- [Supplied data]

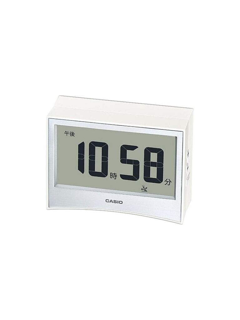 商品説明★ 表側の全面がデジタル液晶となった見やすい置時計です。★ 時刻表示と温度/湿度表示、タイマー表示がボタンひとつで切替可能です。スペック* ケースサイズ(縦×横×厚さ): 71 × 96 × 36 mm* 質量: 145 g* ケース材質: 樹脂* 時刻修正: 電波時計 日本全国対応* 使用電池: マンガン乾電池単4形×2* 電池寿命: 約1年* センサー機能: 湿度計測機能(計測範囲=10〜90%、計測精度=±10%(5〜40℃、10〜90%))、温度計測機能(計測範囲: 0〜40℃、計測精度: ±2℃(0〜40℃))* 時計機能…・タイマー: タイマー1本(最大セット時間: 59分59秒、セット単位: 1秒、計測単位: 1秒、報知時間: 約10秒)・アラーム: 電子音アラーム(5段階で変化)・スヌーズ機能: 止めても止めてもまた鳴るスヌーズ機能(約5分おきに最大7回繰り返す)・ライト: LEDライト(残照機能付き)・カレンダー: フルオートカレンダー・電波受信インジケーター: 電波受信インジケーター(電波受信状態をレベル表示)、電波受信マーク表示(電波受信状況をマーク点灯でお知らせ)・電波受信OFF機能・精度: 電波受信が行われない場合は、通常のクオーツ精度(平均月差±30秒)で動作します。・12/24時間制表示切替・電波受信機能: 自動受信/手動受信、自動選局機能付き(受信電波=長波標準電波JJY、周波数=40kHz/60kHz)※この製品は日本電波仕様です。海外でご使用の際は、電波受信機能をOFFにしてお使い下さい。カシオ 電波置き時計 DQD-S01Jシリーズ カラーラインナップブラックホワイト
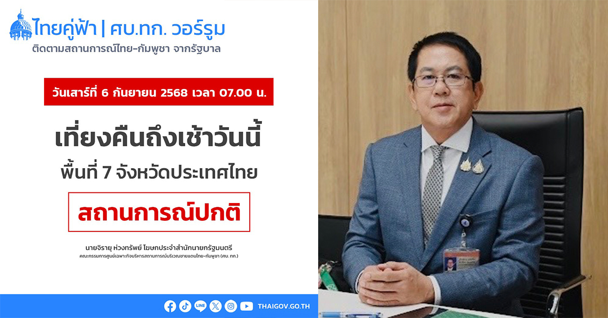 ทำเนียบ 6 ก.ย.- สถานการณ์ชายแดนไทย-กัมพูชา เหตุการณ์ปกติ ตรึงกำลังเข้มบ้านหนองจาน จ.สระแก้ว พร้อมติดตามผลการประชุม GBC ที่เกาะกง พรุ่งนี้
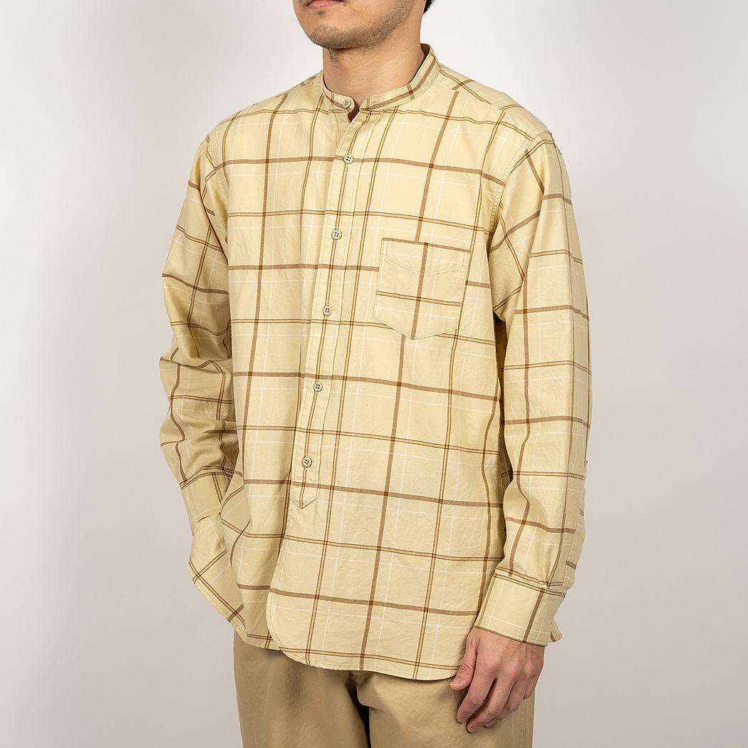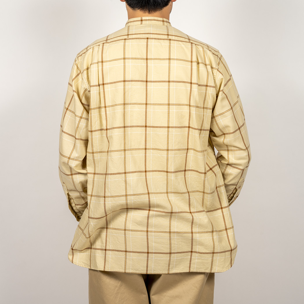 Band Collar Shirt, Check Twill
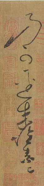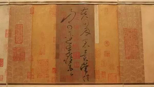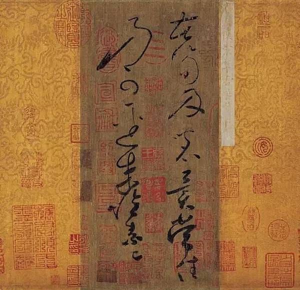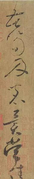 上海博物館珍藏的《苦筍帖》,是迄今傳世懷素作品中一件沒有爭議的真跡。此帖絹本,縱25.1厘米,橫12厘米。帖前乾隆引首「醉僧逸翰」四字;帖後有宋米友仁、聶子述,明項元汴,清李佐賢等題跋;又有宋「寶慶改元(1225年)九月九日重裝。松題記」款,據專家考證,應為《蘭亭續考》編者俞松所書。鈐有「紹興」「內府圖書之印」「歐陽玄印」,以及項元汴、乾隆內府諸印。
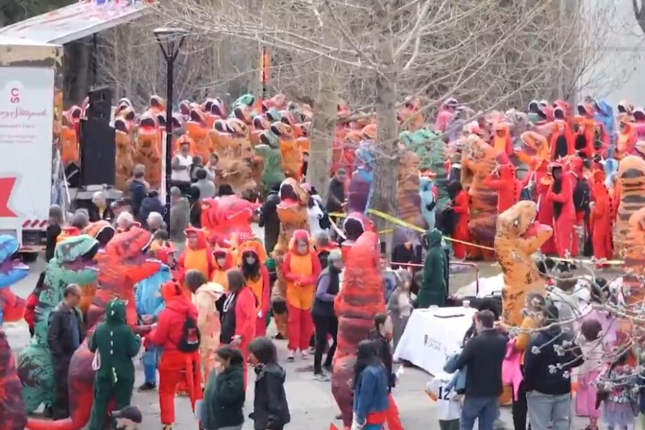 Con motivo a su celebración número 60 de aniversario, una universidad en Canadá se dispuso a romper un récord mundial único: La mayor concentración de personas disfrazadas de dinosaurios.
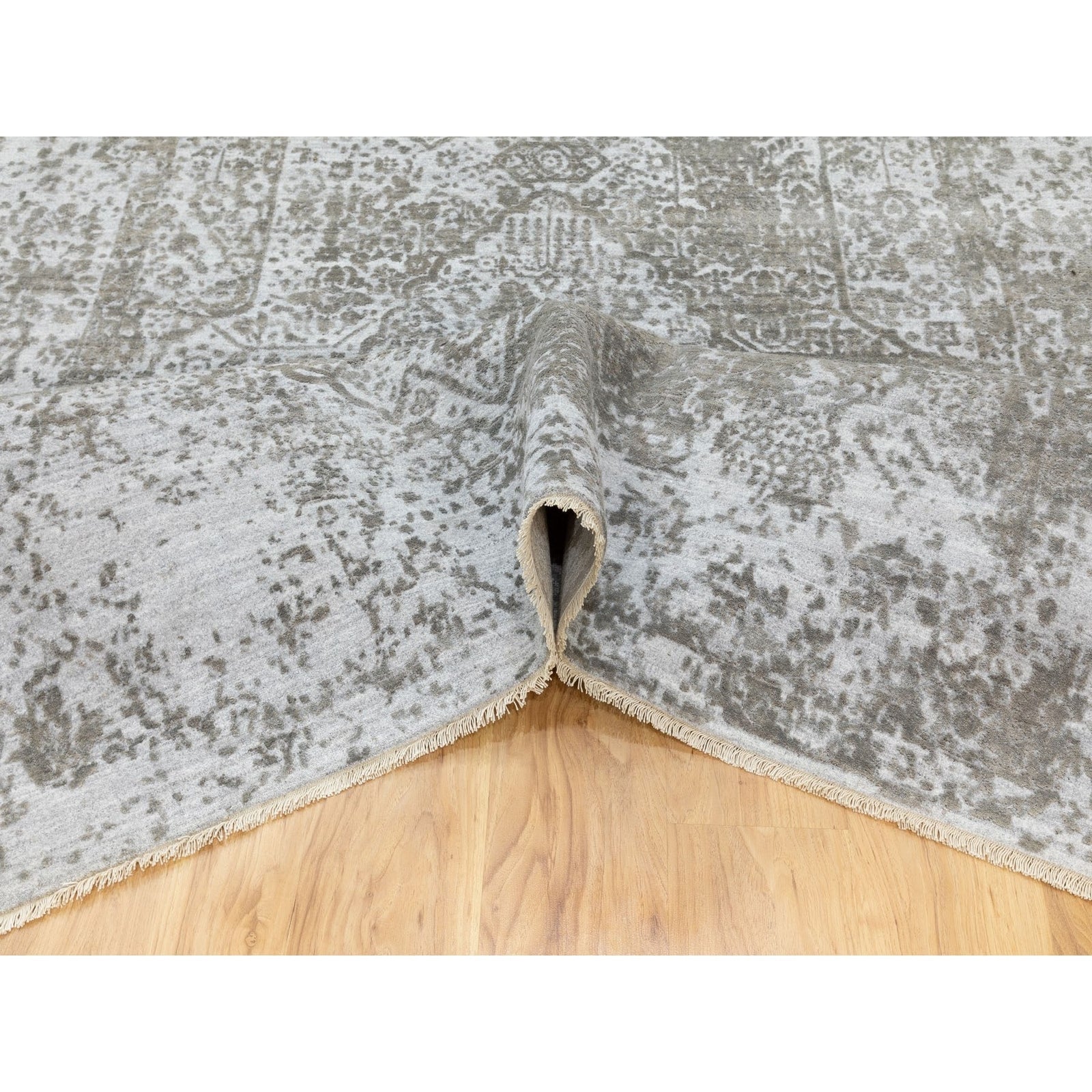 6'X9' Grey Broken Farsian Design Wool And Silk Hand Knotted Oriental Rug
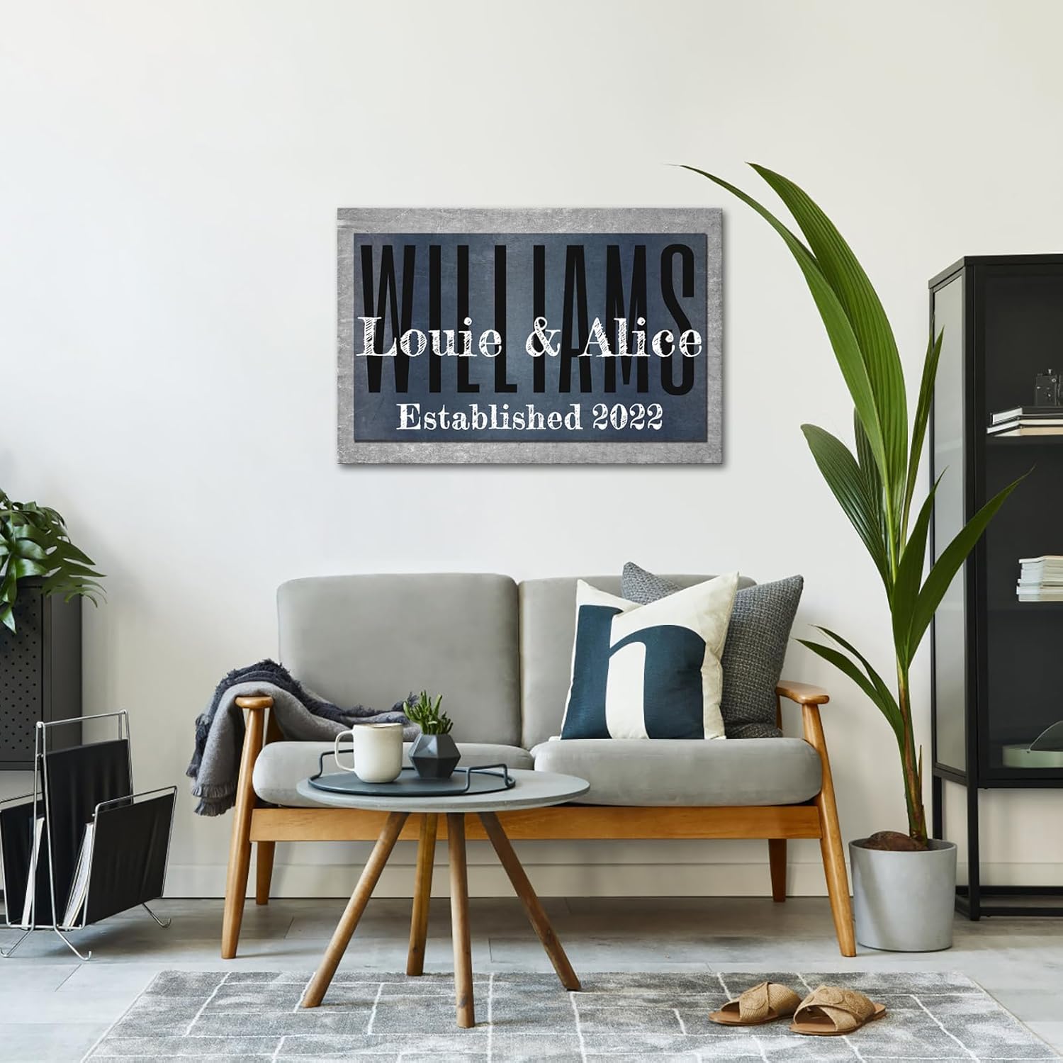 iLOOKLiKE Personalized Last Name Signs with Couple's Names Wall Art Custom Family Established Date Canvas Prints Framed Unique Wedding Anniversary Housewarming Gifts for Home Decor 8×12inch
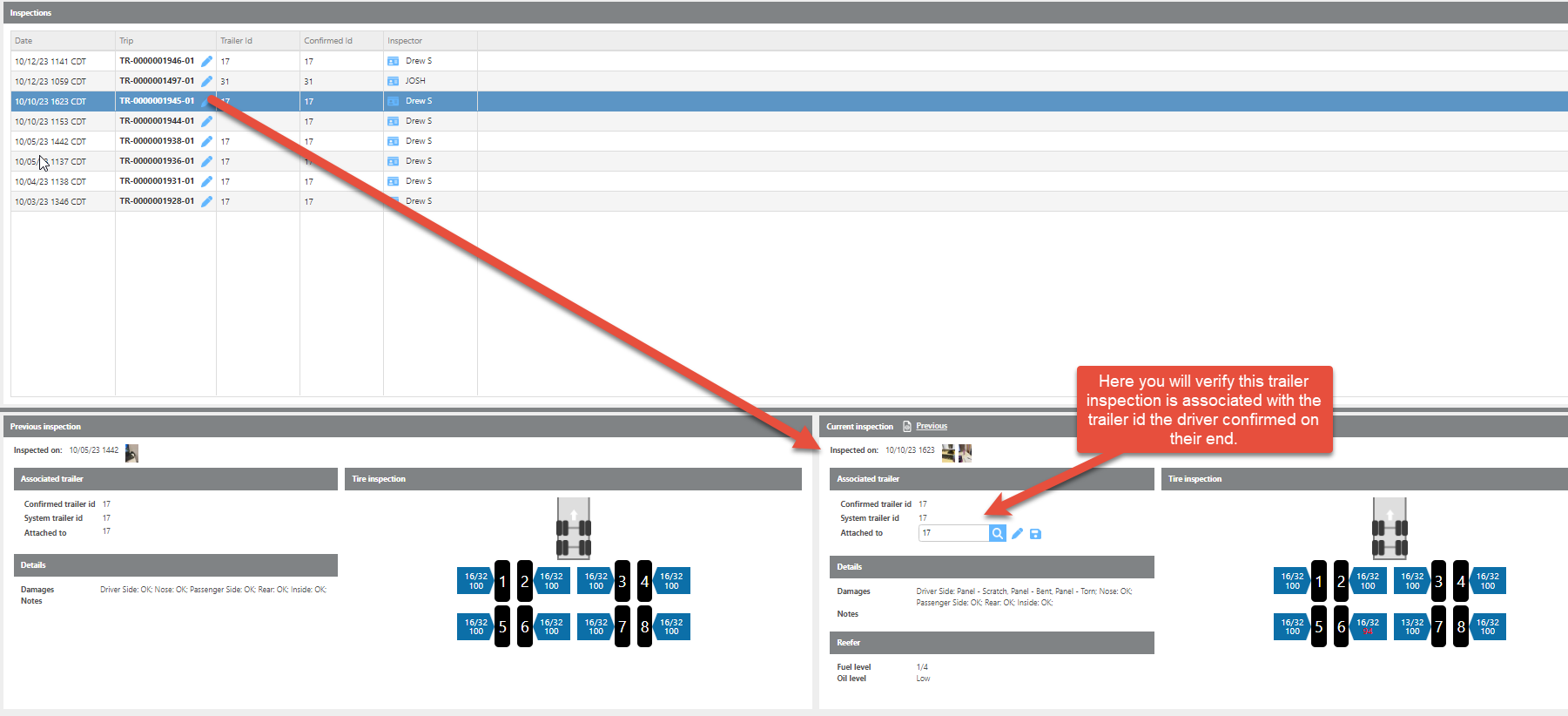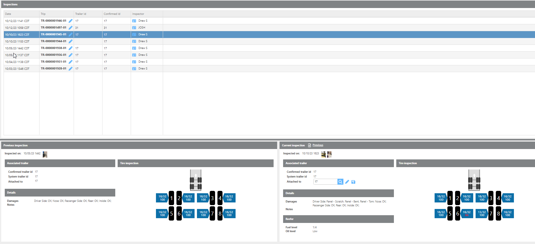 If a Specific Trailer is selected, choose a trailer and click Refresh to load all inspections linked to that trailer. Selecting an inspection will display the current inspection in the lower right panel, with the previous inspection shown to its left.

- [What is required]
Since the pictures are not wanted, set down only the rest of each record, exactly as above.

- [Output below]
 商品説明★ 表側の全面がデジタル液晶となった見やすい置時計です。★ 時刻表示と温度/湿度表示、タイマー表示がボタンひとつで切替可能です。スペック* ケースサイズ(縦×横×厚さ): 71 × 96 × 36 mm* 質量: 145 g* ケース材質: 樹脂* 時刻修正: 電波時計 日本全国対応* 使用電池: マンガン乾電池単4形×2* 電池寿命: 約1年* センサー機能: 湿度計測機能(計測範囲=10〜90%、計測精度=±10%(5〜40℃、10〜90%))、温度計測機能(計測範囲: 0〜40℃、計測精度: ±2℃(0〜40℃))* 時計機能…・タイマー: タイマー1本(最大セット時間: 59分59秒、セット単位: 1秒、計測単位: 1秒、報知時間: 約10秒)・アラーム: 電子音アラーム(5段階で変化)・スヌーズ機能: 止めても止めてもまた鳴るスヌーズ機能(約5分おきに最大7回繰り返す)・ライト: LEDライト(残照機能付き)・カレンダー: フルオートカレンダー・電波受信インジケーター: 電波受信インジケーター(電波受信状態をレベル表示)、電波受信マーク表示(電波受信状況をマーク点灯でお知らせ)・電波受信OFF機能・精度: 電波受信が行われない場合は、通常のクオーツ精度(平均月差±30秒)で動作します。・12/24時間制表示切替・電波受信機能: 自動受信/手動受信、自動選局機能付き(受信電波=長波標準電波JJY、周波数=40kHz/60kHz)※この製品は日本電波仕様です。海外でご使用の際は、電波受信機能をOFFにしてお使い下さい。カシオ 電波置き時計 DQD-S01Jシリーズ カラーラインナップブラックホワイト
 ทำเนียบ 6 ก.ย.- สถานการณ์ชายแดนไทย-กัมพูชา เหตุการณ์ปกติ ตรึงกำลังเข้มบ้านหนองจาน จ.สระแก้ว พร้อมติดตามผลการประชุม GBC ที่เกาะกง พรุ่งนี้
 Band Collar Shirt, Check Twill
 上海博物館珍藏的《苦筍帖》,是迄今傳世懷素作品中一件沒有爭議的真跡。此帖絹本,縱25.1厘米,橫12厘米。帖前乾隆引首「醉僧逸翰」四字;帖後有宋米友仁、聶子述,明項元汴,清李佐賢等題跋;又有宋「寶慶改元(1225年)九月九日重裝。松題記」款,據專家考證,應為《蘭亭續考》編者俞松所書。鈐有「紹興」「內府圖書之印」「歐陽玄印」,以及項元汴、乾隆內府諸印。
 Con motivo a su celebración número 60 de aniversario, una universidad en Canadá se dispuso a romper un récord mundial único: La mayor concentración de personas disfrazadas de dinosaurios.
 6'X9' Grey Broken Farsian Design Wool And Silk Hand Knotted Oriental Rug
 iLOOKLiKE Personalized Last Name Signs with Couple's Names Wall Art Custom Family Established Date Canvas Prints Framed Unique Wedding Anniversary Housewarming Gifts for Home Decor 8×12inch
 If a Specific Trailer is selected, choose a trailer and click Refresh to load all inspections linked to that trailer. Selecting an inspection will display the current inspection in the lower right panel, with the previous inspection shown to its left.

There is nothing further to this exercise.